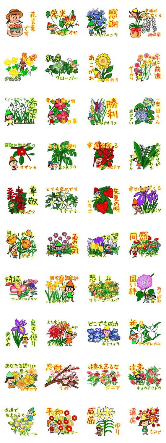 花言葉のスタンプです。花言葉で気持ちを伝えるのに使ってください。
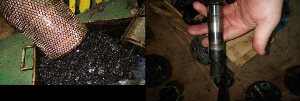 Figures Showing sludge formation in filters (left) and ceased fuel pump plunger (right).
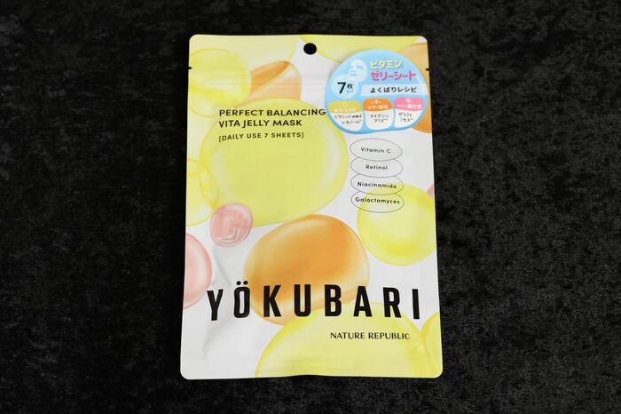 他には、ビタミンとかレチノールとかナイアシンアミドとかいろんな成分が入っている「NATURE REPUBLIC(ネイチャーリパブリック)」の「パーフェクトバランシング ビタミンゼリーマスク」も使っています。
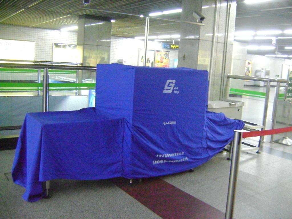 そしてその帰宅途上の22時過ぎに、地下鉄の改札付近で見かけたのはすっぽりとシートがかぶせられた写真のX線荷物検査機であった。
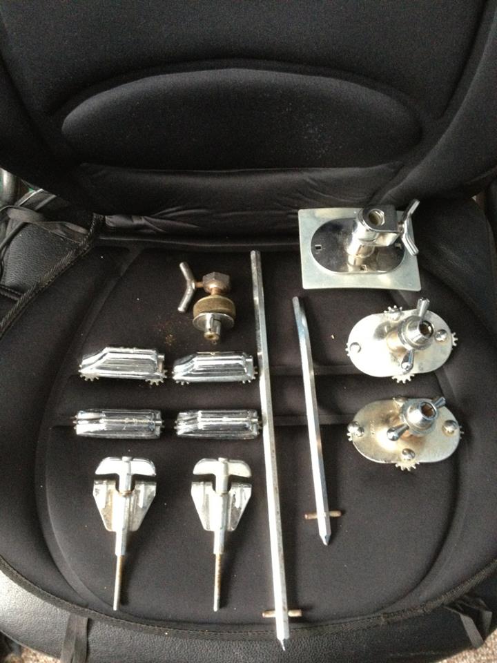 This stuff needs to be cleaned. The lugs dont look very good on top. They would be a great bottom four of a kick. The short spur is bent a little. The collet for the spurs are pretty decent. One has a rust spot right where it says ROGERS. The tom mount peice is very clean. The couple T's and claws have some rust and some pitting.
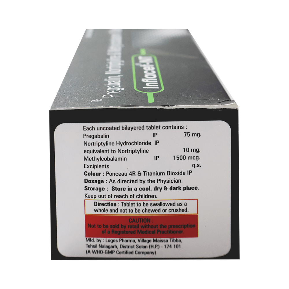 Inflacet-NT Tablet is a combination of three medicines: Pregabalin, Nortriptyline and Methylcobalamin. Pregabalin is an alpha 2 delta ligand which decreases pain by modulating calcium channel activity of the nerve cells. Nortriptyline is a tricyclic antidepressant which increases the levels of chemical messengers (serotonin and noradrenaline) that stop the movement of pain signals in the brain. Methylcobalamin is a form of vitamin B which helps in the production of myelin, a substance that protects nerve fibers and rejuvenates damaged nerve cells. Together, they relieve neuropathic pain (pain from damaged nerves).
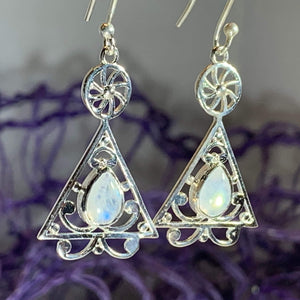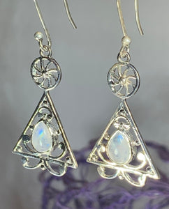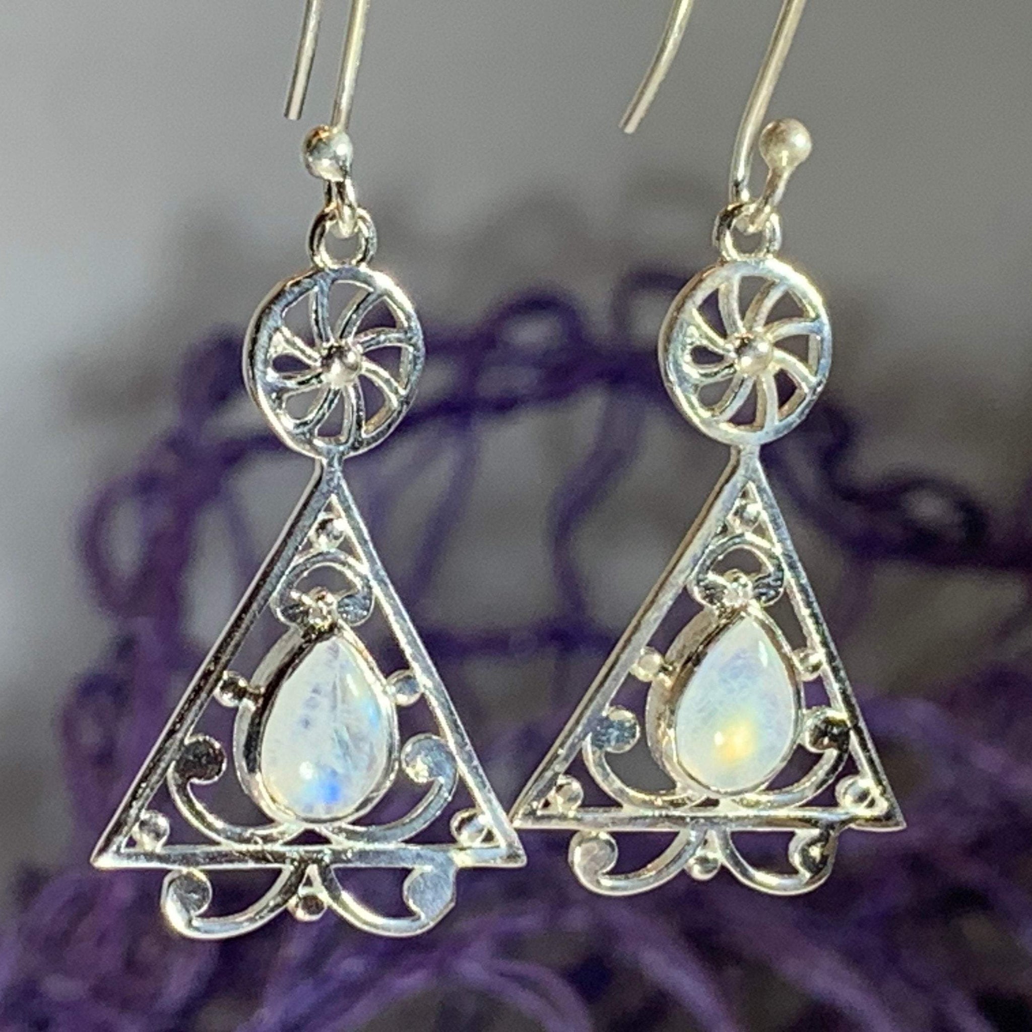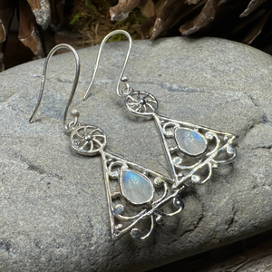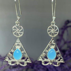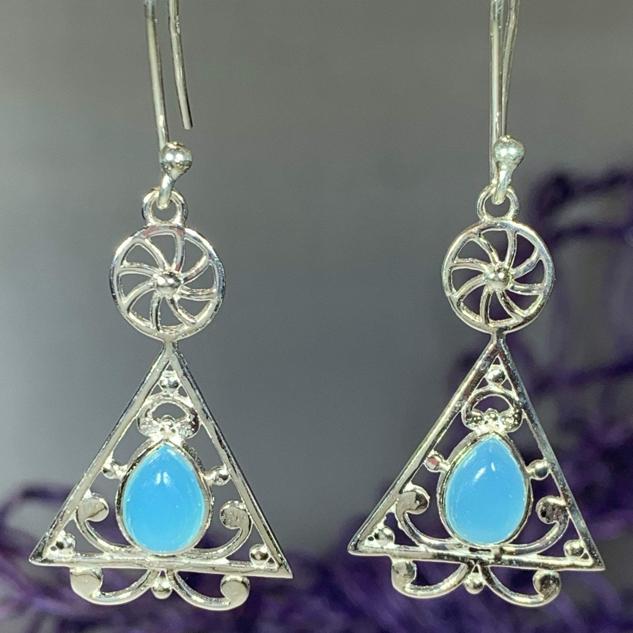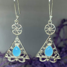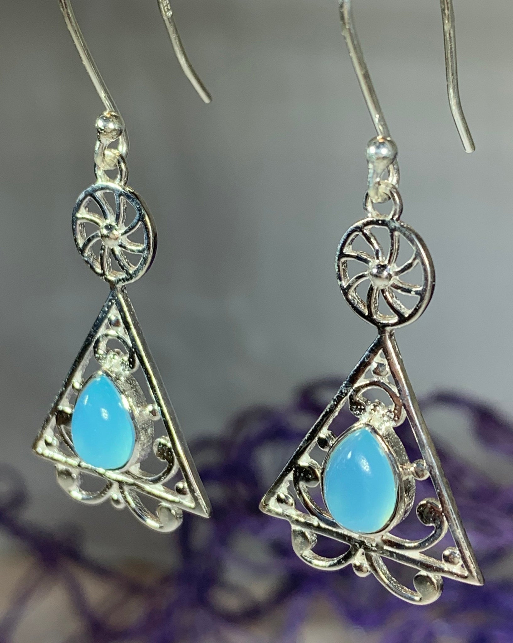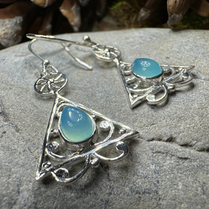 Beautiful Celtic Wheel of Life earrings- the mystical color of these stones is soft and beautiful - with lovely natural aqua chalcedony or rainbow moonstone teardrop focal stone in a beautiful Celtic wheel of life design. When the light hits the back of the earrings the stones glow with a magical light - so pretty!
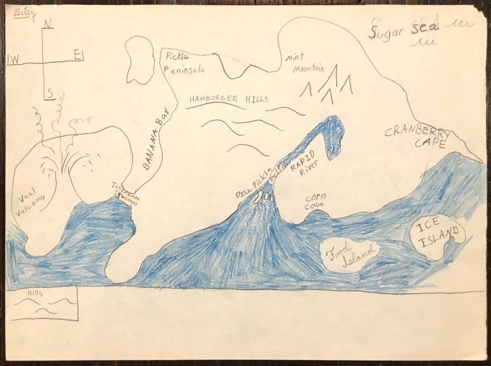 Of course, not every young map nerd grows up to be a cartographer. I recently found this map while helping my parents rescue boxes from their flooding basement. I don’t remember making it, but I’m guessing it was an unfinished geography assignment, or was at least inspired by learning about various landforms in school.
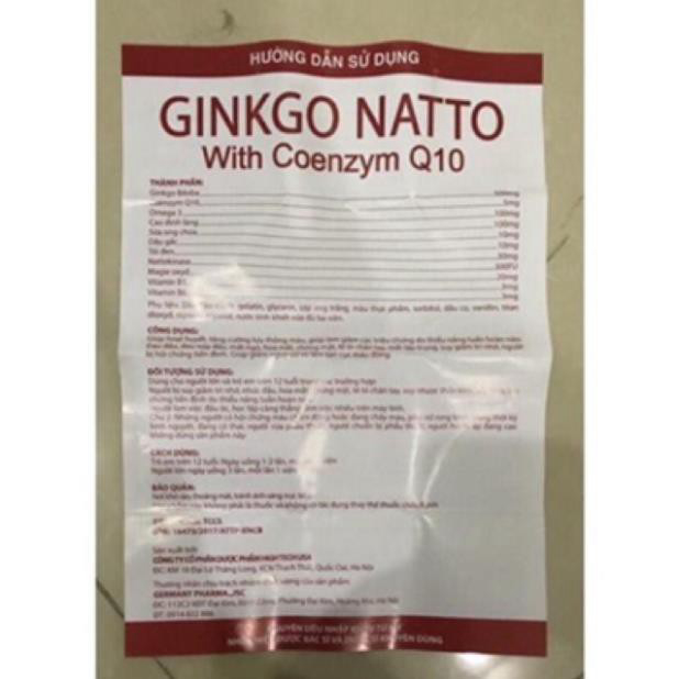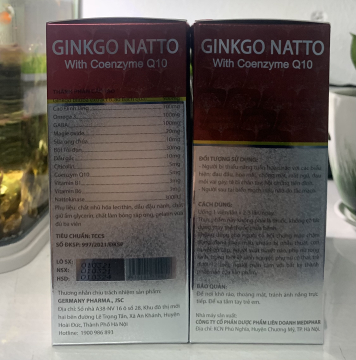 - Thành phầnGinkgo biloba 500mg, Coenzym Q10 5mg, Cao Đinh Lăng 100mg, Sữa ong chúa 10mg, Dầu gấc 10mg, Tỏi đen 30mg, Nattokinase 300FU, Vitamin B1, Vitamin B6…
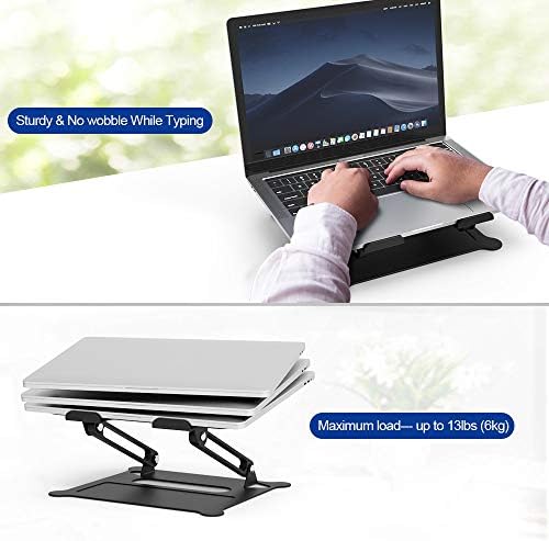 - Stable And Protective: This adjustable laptop stand is made of premium Aluminum alloy, it is sturdy, support up to 13 lbs(6kg), no worry any wobble at all; the rubber on the holder hands sticks tightly, ensure your laptop stable on the stand and prevent any scratches.
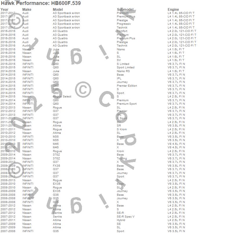 Below is an abreviated list of applications for the HPS Disc Brake Pad.370Z, A3 Quattro, A3 Sportback e-tron, Altima, EX35, FX35, G35, G37, Juke, M35, M45, Q60, Rogue, Rogue Select, Sentra, Audi, INFINITI, Nissan, 2017, 2016 moreā¦
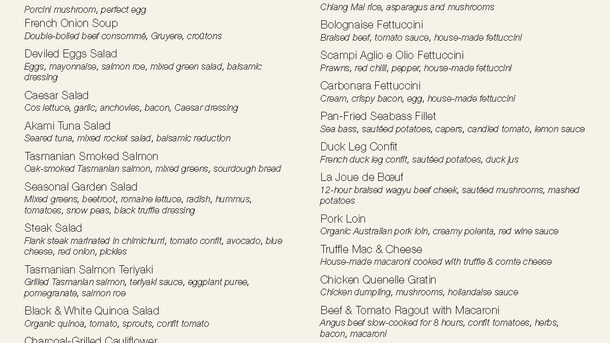The menu includes favourites such as Tasmanian salmon teriyaki, black & white quinoa salad, duck leg confit, wagyu beef cheek, pork loin, mushroom & truffle soup and much more! Available daily from 11am – 7.45pm
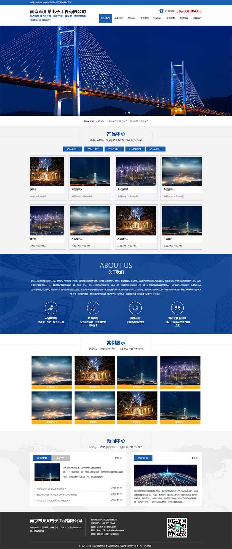 PbootCMS内核开发的网站模板,该模板适用于亮化工程网站、照明工程网站等企业,当然其他行业也可以做,只需要把文字图片换成其他行业的即可;
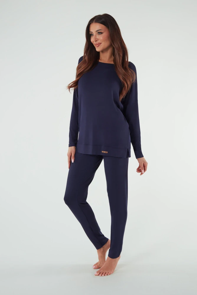 Akord Női hosszú ujjú szett, hosszú nadrág olasz divat - tengerészkék
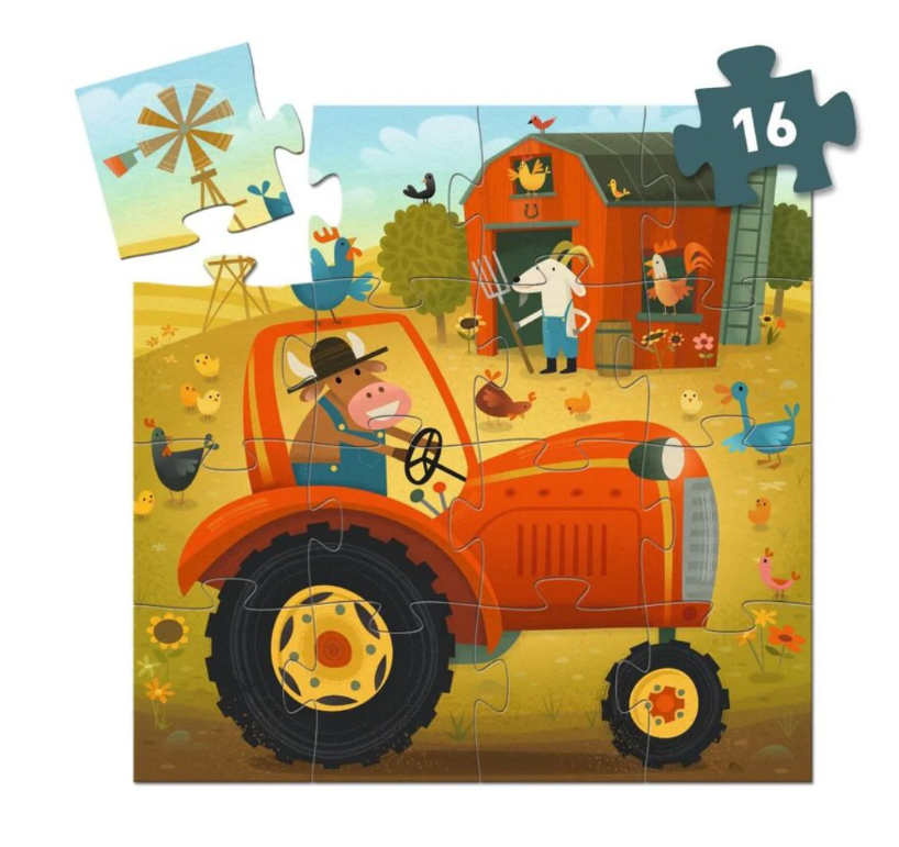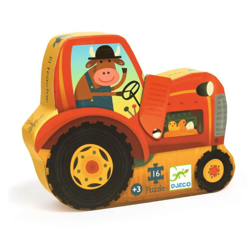 The tractor is back on the farm after a long day working in the fields. This colourful 16-piece puzzle comes in a lovely tractor-shaped box.

* _Aim of the exercise_
Write out the listing word for word, omitting the pictures it holds.

* _Written answer_
 花言葉のスタンプです。花言葉で気持ちを伝えるのに使ってください。
 Figures Showing sludge formation in filters (left) and ceased fuel pump plunger (right).
 他には、ビタミンとかレチノールとかナイアシンアミドとかいろんな成分が入っている「NATURE REPUBLIC(ネイチャーリパブリック)」の「パーフェクトバランシング ビタミンゼリーマスク」も使っています。
 そしてその帰宅途上の22時過ぎに、地下鉄の改札付近で見かけたのはすっぽりとシートがかぶせられた写真のX線荷物検査機であった。
 This stuff needs to be cleaned. The lugs dont look very good on top. They would be a great bottom four of a kick. The short spur is bent a little. The collet for the spurs are pretty decent. One has a rust spot right where it says ROGERS. The tom mount peice is very clean. The couple T's and claws have some rust and some pitting.
 Inflacet-NT Tablet is a combination of three medicines: Pregabalin, Nortriptyline and Methylcobalamin. Pregabalin is an alpha 2 delta ligand which decreases pain by modulating calcium channel activity of the nerve cells. Nortriptyline is a tricyclic antidepressant which increases the levels of chemical messengers (serotonin and noradrenaline) that stop the movement of pain signals in the brain. Methylcobalamin is a form of vitamin B which helps in the production of myelin, a substance that protects nerve fibers and rejuvenates damaged nerve cells. Together, they relieve neuropathic pain (pain from damaged nerves).
 Beautiful Celtic Wheel of Life earrings- the mystical color of these stones is soft and beautiful - with lovely natural aqua chalcedony or rainbow moonstone teardrop focal stone in a beautiful Celtic wheel of life design. When the light hits the back of the earrings the stones glow with a magical light - so pretty!
 Of course, not every young map nerd grows up to be a cartographer. I recently found this map while helping my parents rescue boxes from their flooding basement. I don’t remember making it, but I’m guessing it was an unfinished geography assignment, or was at least inspired by learning about various landforms in school.
 - Thành phầnGinkgo biloba 500mg, Coenzym Q10 5mg, Cao Đinh Lăng 100mg, Sữa ong chúa 10mg, Dầu gấc 10mg, Tỏi đen 30mg, Nattokinase 300FU, Vitamin B1, Vitamin B6…
 - Stable And Protective: This adjustable laptop stand is made of premium Aluminum alloy, it is sturdy, support up to 13 lbs(6kg), no worry any wobble at all; the rubber on the holder hands sticks tightly, ensure your laptop stable on the stand and prevent any scratches.
 Below is an abreviated list of applications for the HPS Disc Brake Pad.370Z, A3 Quattro, A3 Sportback e-tron, Altima, EX35, FX35, G35, G37, Juke, M35, M45, Q60, Rogue, Rogue Select, Sentra, Audi, INFINITI, Nissan, 2017, 2016 moreā¦
The menu includes favourites such as Tasmanian salmon teriyaki, black & white quinoa salad, duck leg confit, wagyu beef cheek, pork loin, mushroom & truffle soup and much more! Available daily from 11am – 7.45pm
 PbootCMS内核开发的网站模板,该模板适用于亮化工程网站、照明工程网站等企业,当然其他行业也可以做,只需要把文字图片换成其他行业的即可;
 Akord Női hosszú ujjú szett, hosszú nadrág olasz divat - tengerészkék
 The tractor is back on the farm after a long day working in the fields. This colourful 16-piece puzzle comes in a lovely tractor-shaped box.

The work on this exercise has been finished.